▶ _Description of the task_
Line by line, set down the records below from the first line through the line containing "2024年9月15日,山西省". Omit the pictures.

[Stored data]
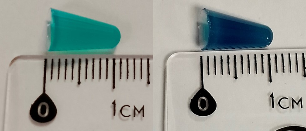 Изменение цвета композита во влажной среде (слева) и при нагревании (справа). Источник: Сергей Кутумов
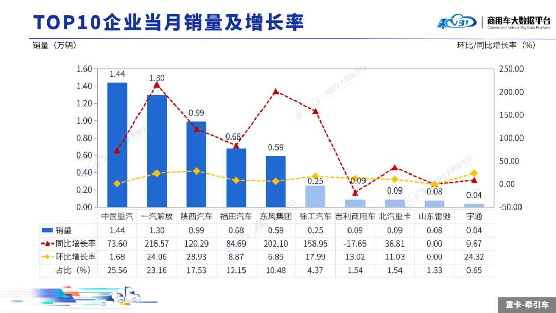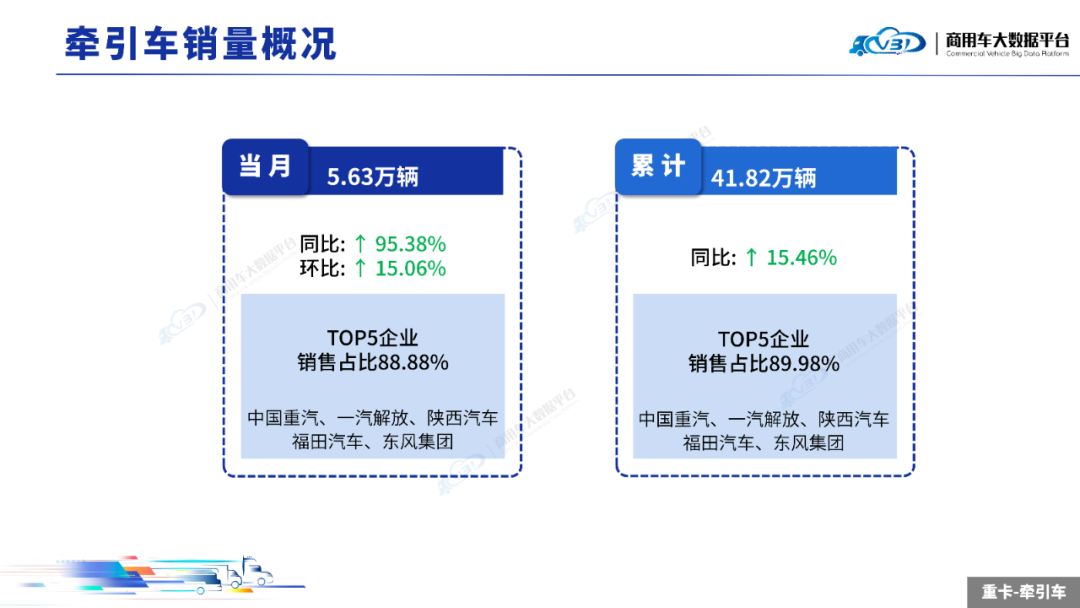 当月牵引车销量(批发)TOP5企业占比88.88%,依次为中国重汽、一汽解放、陕西汽车、福田汽车、东风集团。
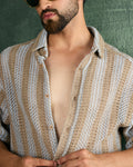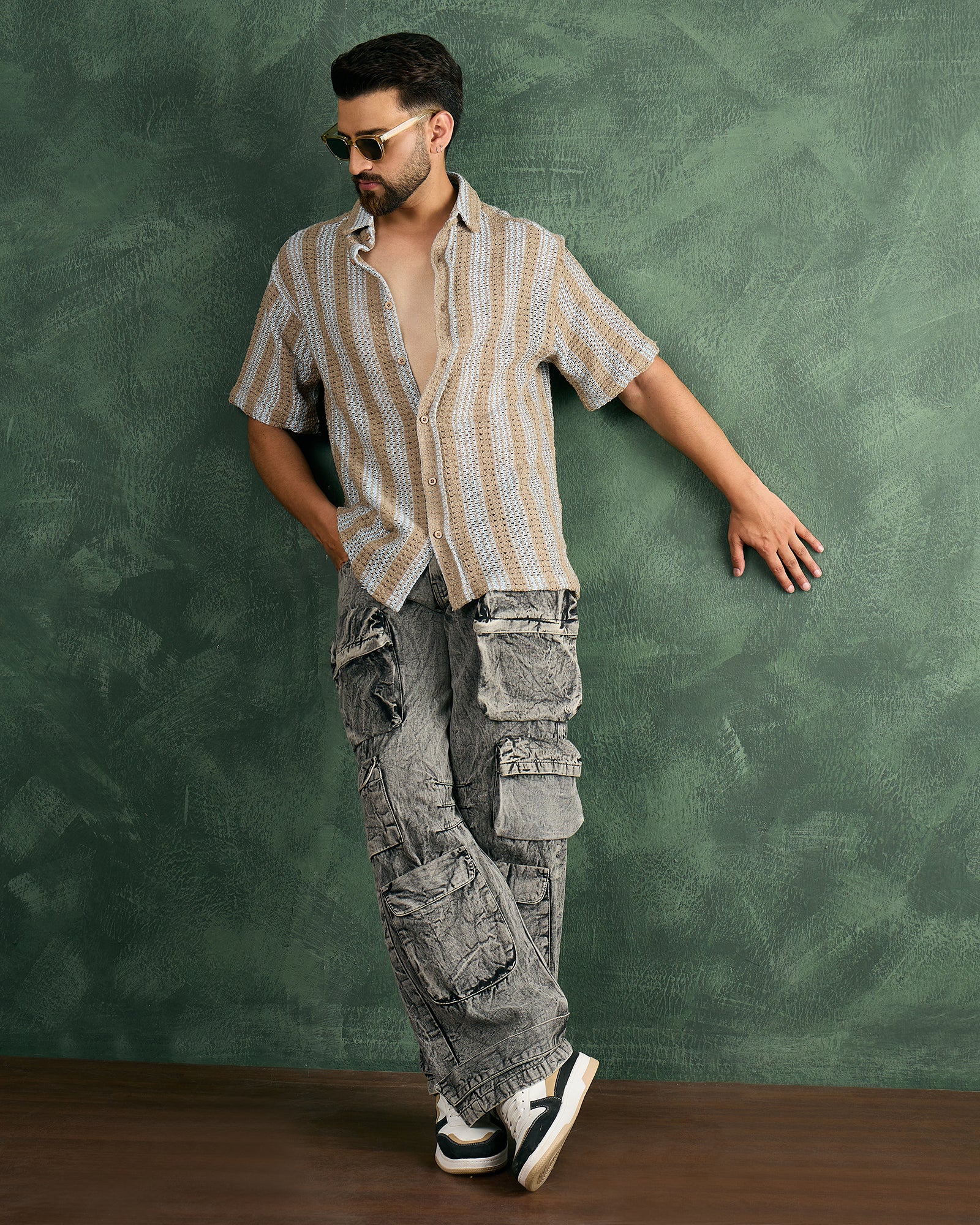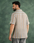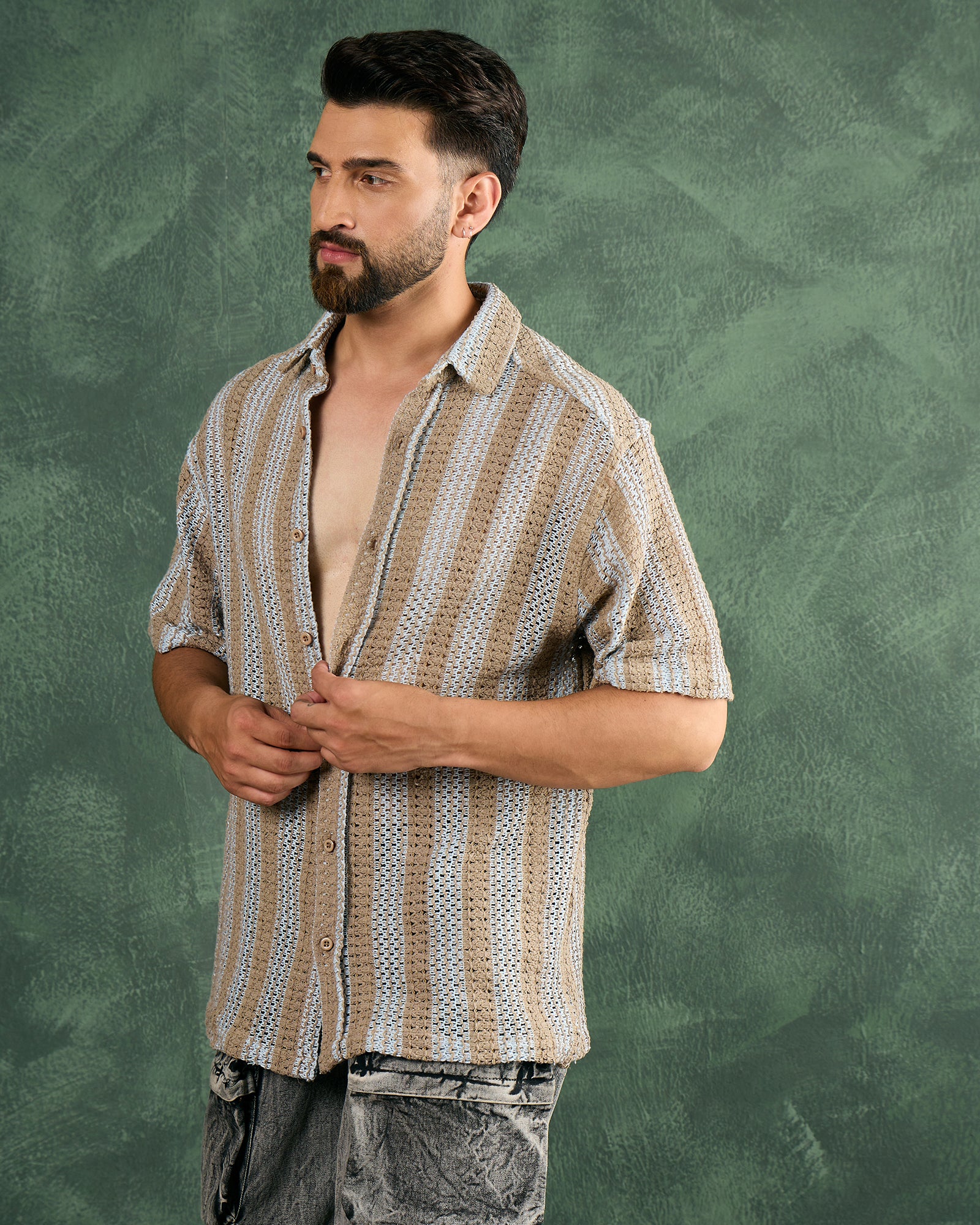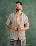 Chimpaaanzee Men Brown & Light Blue Oversized Fit Shirt
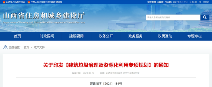 2024年9月15日,山西省住房和城鄉建設廳印發《建築垃圾治(zhì)理及資源化利用專項規劃(huá)》,加快完善建築垃圾源頭減量、分類投放、中端收運、末端處置的全過(guò)程(chéng)監管體係,全麵提升全省城市建築垃圾規範化管理和資源化利用水平。
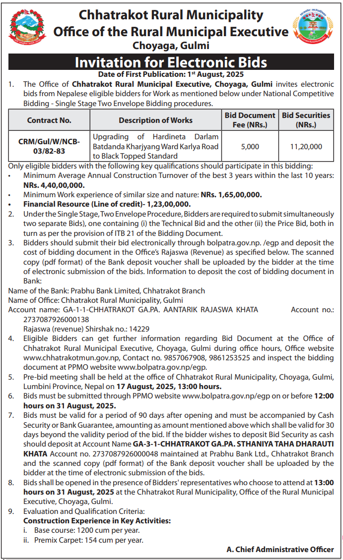 | 22 | Chhatrakot Rural Municipality | Upgrading of Hardineta Darlam Batdanda Kharjyang ward Karlya road to BlackTopped Standard | 01/08/2025 | PPMO | 31/08/2025 | Click Here | |
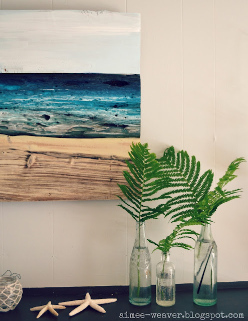 Я создал океан стиле картина над камином использованием старого дерева сарай. Это, вероятно, моя любимая вещь в гостиной прямо сейчас. Я создаю знаки и картины с использованием старых дерева, и я их продаю в моем магазине .
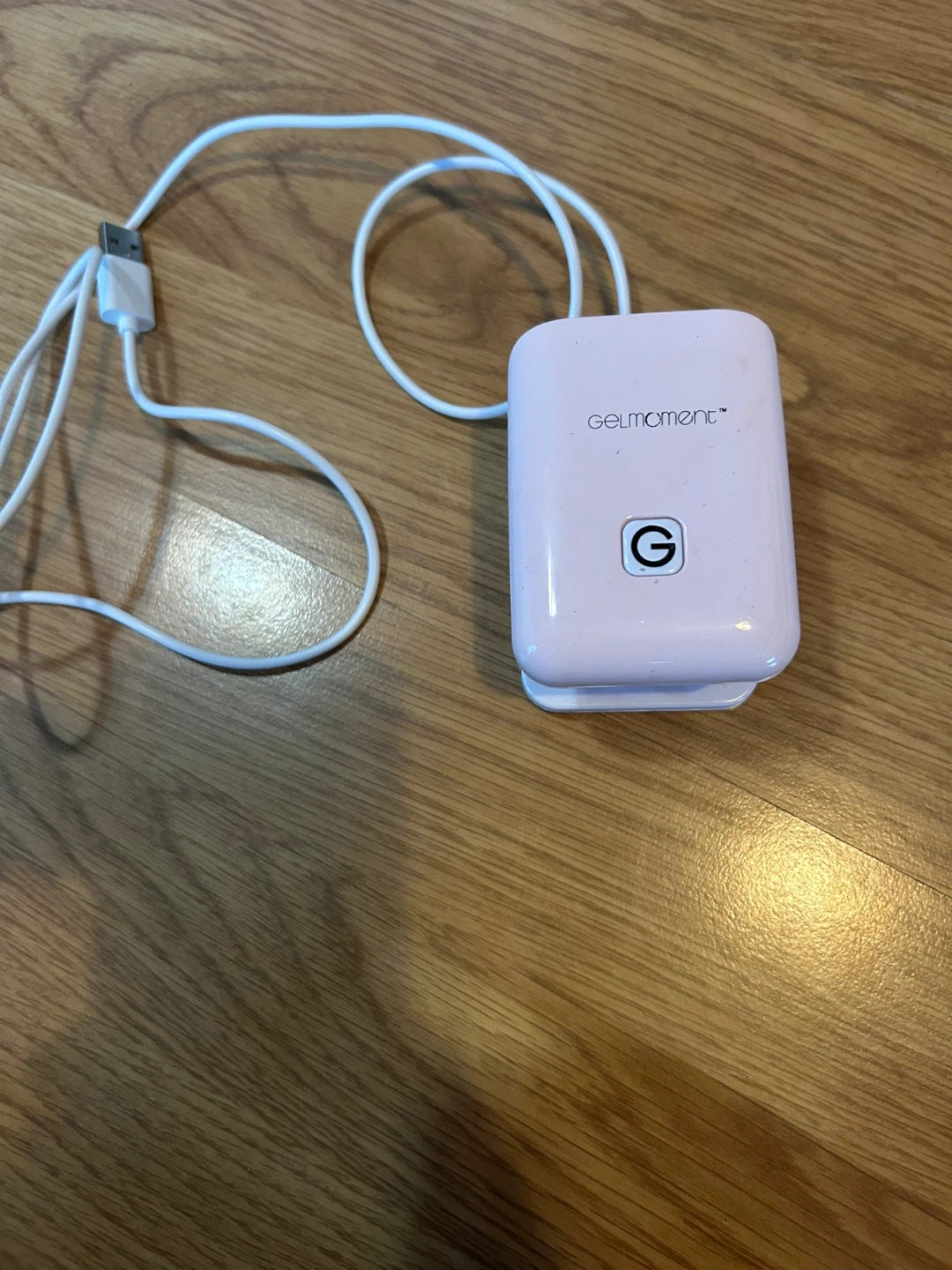This is a GelMoment Mini LED Lamp, model GM-500. It's powered by DC-5V 0.6A and has a 6W output. Made in China.

▶ _Result of this task_
 Изменение цвета композита во влажной среде (слева) и при нагревании (справа). Источник: Сергей Кутумов
 当月牵引车销量(批发)TOP5企业占比88.88%,依次为中国重汽、一汽解放、陕西汽车、福田汽车、东风集团。
 Chimpaaanzee Men Brown & Light Blue Oversized Fit Shirt
 2024年9月15日,山西省住房和城鄉建設廳印發《建築垃圾治(zhì)理及資源化利用專項規劃(huá)》,加快完善建築垃圾源頭減量、分類投放、中端收運、末端處置的全過(guò)程(chéng)監管體係,全麵提升全省城市建築垃圾規範化管理和資源化利用水平。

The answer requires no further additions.